Records from a data collection:
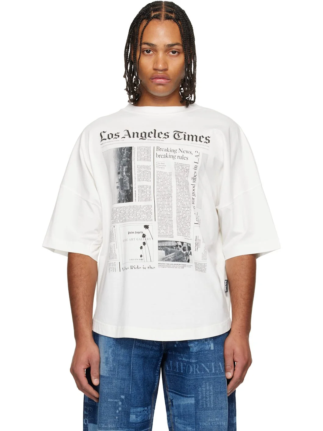 Cotton jersey T-shirt. · Oversized · Rib-knit crewneck · Text and graphics printed at front · Logo flag at side seam · Dropped shoulders · Logo printed at back Part of the Palm Angels x Los Angeles Times collaboration. Supplier color: Off white/Black 100% cotton. Made in Portugal 252695M213003
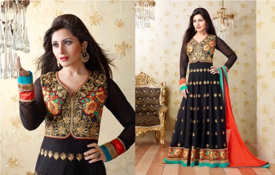 Black georgette kameez, black santoon bottom, orange chiffon dupatta with Heavy Zari, resham embroidery with stone work and Lace border.
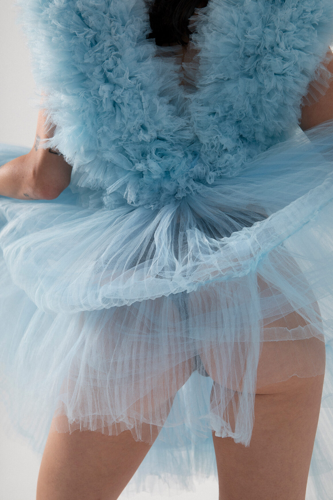 My intent was to use transparent dresses with the presence of tulle to emphasize the lightness with which situations sometimes evolve.
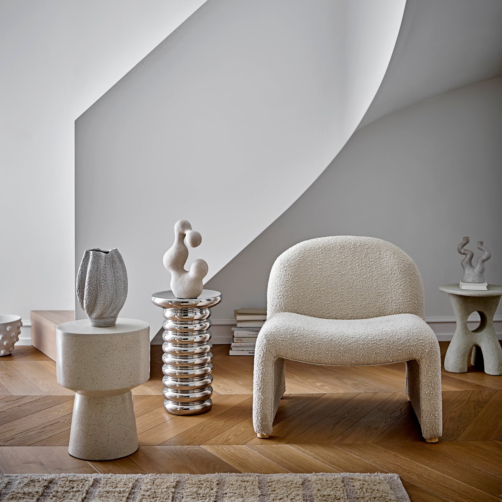 La table d’appoint Spike de Bloomingville séduit par son design sculptural et sa finition chromée ultra brillante. Réalisée en grès, elle affiche une silhouette cylindrique rythmée par des cannelures qui captent et reflètent la lumière avec élégance.
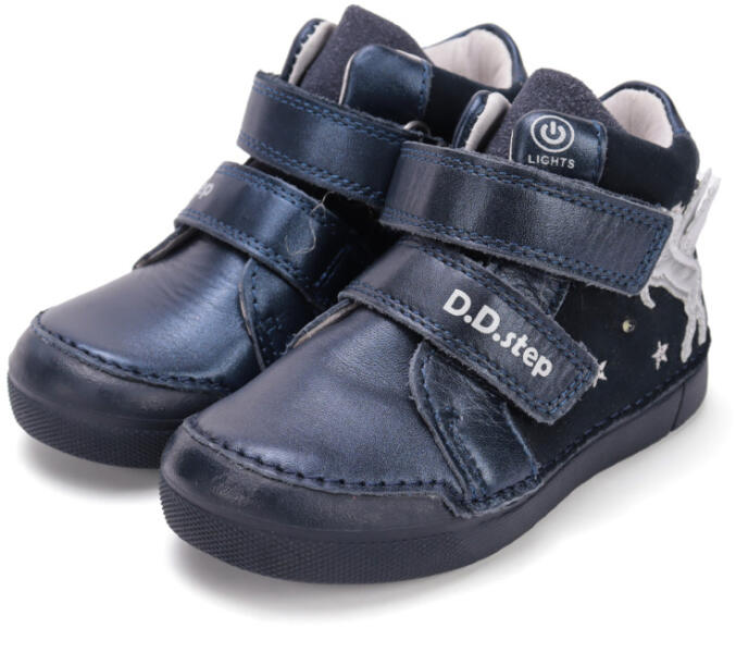 #D. D. Step #DDSTEP #DD STEP #A068-52459O #lány #kislány #LED #LEDES #LED világítós #LED világítással #LED villogó #tavaszi cipő #sneaker #magasszárú cipő #unikornisos #sötétkék színű

About this task: Your answer must be the entries repeated exactly, with no pictures.

Problem solution:
 Cotton jersey T-shirt. · Oversized · Rib-knit crewneck · Text and graphics printed at front · Logo flag at side seam · Dropped shoulders · Logo printed at back Part of the Palm Angels x Los Angeles Times collaboration. Supplier color: Off white/Black 100% cotton. Made in Portugal 252695M213003
 Black georgette kameez, black santoon bottom, orange chiffon dupatta with Heavy Zari, resham embroidery with stone work and Lace border.
 My intent was to use transparent dresses with the presence of tulle to emphasize the lightness with which situations sometimes evolve.
 La table d’appoint Spike de Bloomingville séduit par son design sculptural et sa finition chromée ultra brillante. Réalisée en grès, elle affiche une silhouette cylindrique rythmée par des cannelures qui captent et reflètent la lumière avec élégance.
 #D. D. Step #DDSTEP #DD STEP #A068-52459O #lány #kislány #LED #LEDES #LED világítós #LED világítással #LED villogó #tavaszi cipő #sneaker #magasszárú cipő #unikornisos #sötétkék színű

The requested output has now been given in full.